Fisher Scientific International Inc. (the “Company”) is focused on 1) ensuring that key employees are also stockholders and 2) that significant compensation plans are based on the Company’s financial performance. In light of the foregoing, the Compensation Committee of the Board of Directors (the “Committee”) of the Company has taken the following actions at a meeting on December 13, 2005.
Approval of Performance Based Restricted Stock Unit Agreement
The Committee approved the Executive Long Term Incentive Program in the form of a Performance Based Restricted Stock Unit Agreement to be entered into with a grantee upon the issuance of restricted stock units under the Company’s 2005 Equity and Incentive Plan (the “2005 Plan”). The grant of restricted stock units shall vest based on the attainment of certain earnings per share performance goals over time.
A copy of such form agreement is filed herewith as Exhibit 10.01.
Approval of Performance Based Restricted Stock Unit Purchase Program
The Committee approved a program whereby certain eligible key employees, including executive officers Paul M. Montrone, Paul M. Meister, David T. Della Penta, Kevin P. Clark and Thomas L. Rea, may elect to give up a percentage of their cash compensation for 2006 (including base salary and incentive bonus) in exchange for a grant of performance based restricted stock units.
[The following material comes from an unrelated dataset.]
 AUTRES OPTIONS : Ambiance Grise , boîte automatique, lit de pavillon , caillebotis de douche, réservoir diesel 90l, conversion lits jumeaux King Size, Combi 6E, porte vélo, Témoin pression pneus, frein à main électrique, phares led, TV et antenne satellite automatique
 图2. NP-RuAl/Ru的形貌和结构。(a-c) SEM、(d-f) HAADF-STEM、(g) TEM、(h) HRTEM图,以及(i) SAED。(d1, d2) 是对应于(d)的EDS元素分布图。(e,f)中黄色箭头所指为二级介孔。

Under the program, the employee may elect to give up either 10% or 20% of the employee’s 2006 annual cash compensation to purchase restricted stock units issued under the 2005 Plan equal to a multiple of the cash amount given up (the “RSU’s”). For employees that elect to give up 10% of their cash compensation, the applicable multiple will be 2. For employees that elect to give up 20% of their cash compensation, the applicable multiple will be 4. The RSU’s shall be subject to the attainment of certain earnings per share performance goals over time, structured similarly to the Executive Long Term Incentive Program. However, in recognition of the fact that employees paid for the RSU’s, upon a Change in Control of the Company (as defined in the 2005 Plan), the RSU’s shall become vested and the performance goals shall be deemed to be achieved at the greater of (i) the target level for the performance period, or (ii) the actual level of achievement of such performance goals as of the time of the Change in Control, adjusted to assume the same level of performance as the actual performance through the entire performance period.
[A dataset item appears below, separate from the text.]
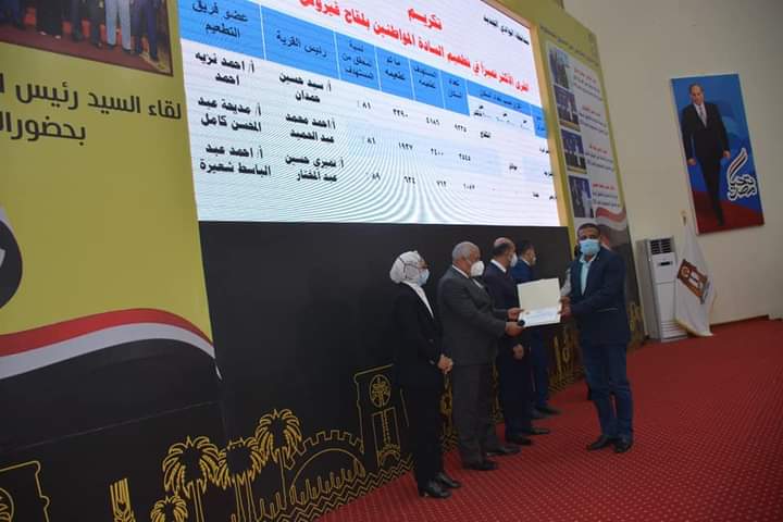 ولفت إلى تكريم رؤساء القرى الأعلى في نسب تطعيم المواطنين بلقاح فيروس كورونا وأعضاء الطاقم الطبي، وهم: سيد حسين، وأحمد نزيه (قرية الكفاح بالفرافرة)، أحمد محمد، ومديحة عبد المحسن (قرية بولاق بالخارجة)، ونميري حسين، وأحمد عبد الباسط (قرية جدة بباريس)، بالإضافة إلى تكريم المواهب المتميزة في الشعر وهما الطالبة أسماء طه والطفلة دانا محمد.

A copy of the form of Performance Based Restricted Stock Unit Purchase Agreement is filed herewith as Exhibit 10.02.
Approval of Deferred Compensation Plan
The Committee approved the Fisher Scientific International Inc. Deferred Compensation Plan pursuant to which certain employees, including the executive officers named above, shall be entitled to defer up to 100% of their base salary and annual bonus otherwise payable to them. Upon deferral of salary or bonus, such funds shall be used by the Company to purchase Company common stock in the open market, and such shares will be held in a rabbi trust on behalf of each participant. A participant will at all times be 100% vested in his or her deferral account. Such shares shall be payable to the participant in accordance with the participant’s deferral election or upon the occurrence of certain other events as permitted under Section 409A of the Internal Revenue Code, as amended.
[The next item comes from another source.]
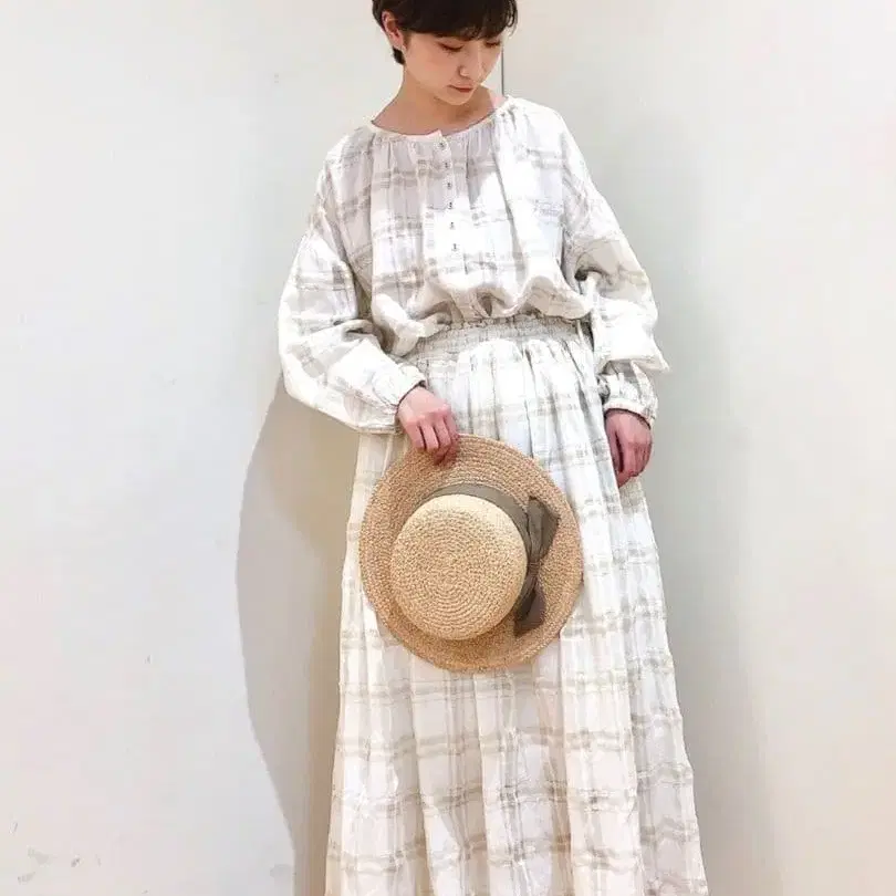 SM2 라메사 체크 무늬 블라우스와 스커트 셋업 화이트 새상품급
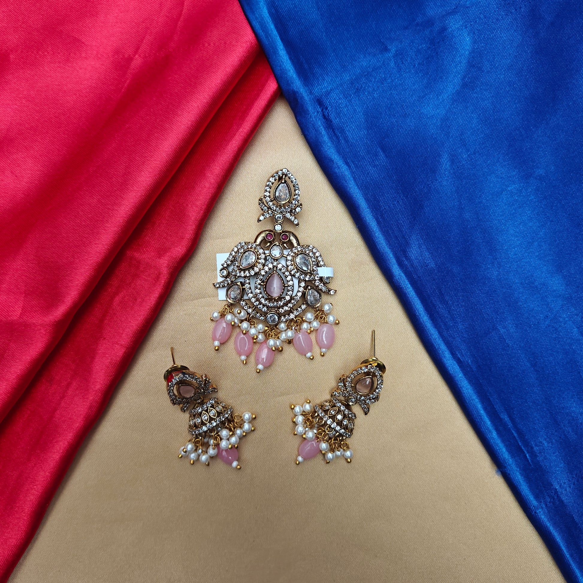 Beautiful Victorian Pendant In Baby Pink Beads

A copy of the Fisher Scientific International Inc. Deferred Compensation Plan is filed herewith as Exhibit 10.03.
Holding Requirement of Certain Outstanding 2003 Stock Option Awards
On September 26, 2003, certain key employees, including the executive officers named above, received options to purchase Company common stock that required these employees to hold for a period of one year any share of common stock received upon exercise of such option. The Committee agreed to drop the one-year post-exercise holding requirement.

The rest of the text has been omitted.